Make sure that <SOURCE_DIR> points to a directory that contains both the .pkl files and the mixture.yml configuration file (created by Lipizzaner after training). Use the same <CONFIG_FILE> as for the training process. A concrete example could look like this:

python main.py generate --mixture-source ./output/lipizzaner_gan/master/2018-06-04_10-01-50/128.30.103.19-5000 -o ./output/samples --sample-size 100 -f configuration/lipizzaner-gan/celeba.yml

Working With Sequential Data

Creating network traffic dataset

In order to create a pcap file of the network traffic from your local machine, navigate to lipizzaner-gan/src/data/network_data and use the following command:

sudo ./collect_network_traffic.sh

And let this run for sufficiently long to create a large enough pcap file. Note that you may need to change the name of the pcap file specified in the bash file in order to generate multiple datasets.
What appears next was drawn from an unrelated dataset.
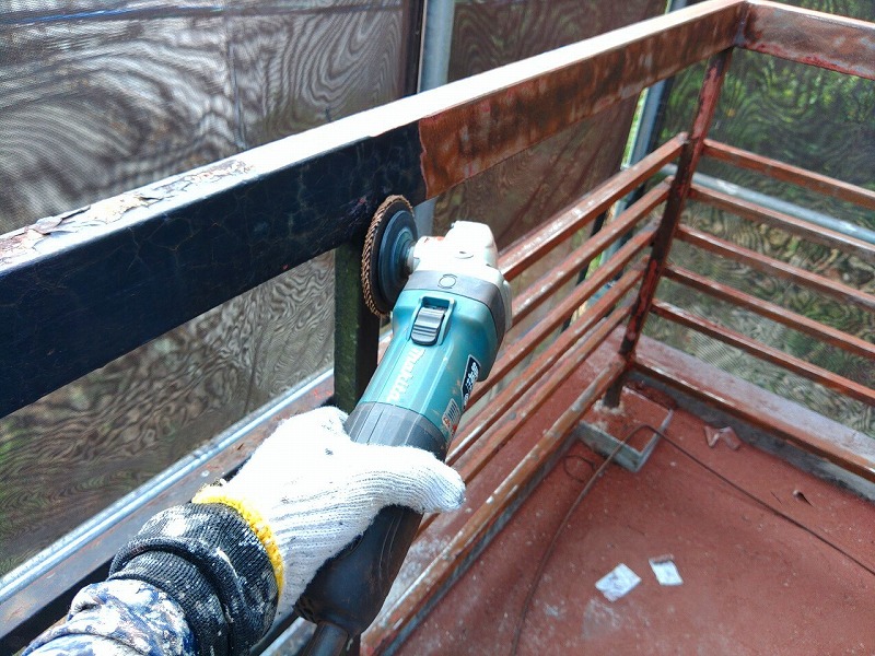 - 屋根がないバルコニーの手すりはサビが多く出ていました。サンダーケレンを使って除去しました。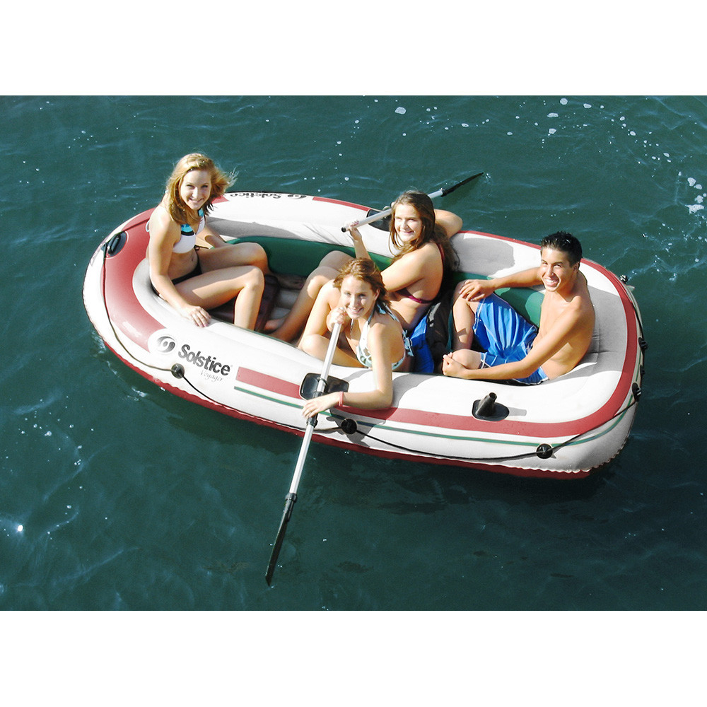 Inflatable fishing boat ideal for protected waters and up to three people. Four-chamber, double hull, heavy-duty construction with I-beam flooring. Accepts up to 2 HP motors with optional #30050 motor mount (not included). Integrated with bow handle, grab lines, and swivel oar locks.

Extracting netflow information

argus and argus-client is required for this step. In order to convert this pcap into a numpy file with the desired fields pass --pcap_file to analyze_network_file.py script with the pcap file you're creating the dataset from, and run the following command:

python analyze_network_file.py --pcap_file ${PCAP_FILE}

This will create a .npy file in the same directory, with the name you specified in the file_to_analyze line. In order to use this numpy file in the NetworkDataLoader class, update the flow_data line with the directory to the generated .npy file.

Training on Network Traffic Data

To run lipizzaner on a sequential dataset of network traffic flows, start multiple clients with the command from the /src directory:

python main.py train --distributed --client

Then, start a master process with the following command:

python main.py train --distributed --master -f configuration/lipizzaner-gan/network_traffic.yml

Further guidelines

If you want to add your own data to Lipizzaner, refer to this tutorial. For guidelines about how to compile and run the Lipizzaner dashboard, check its README.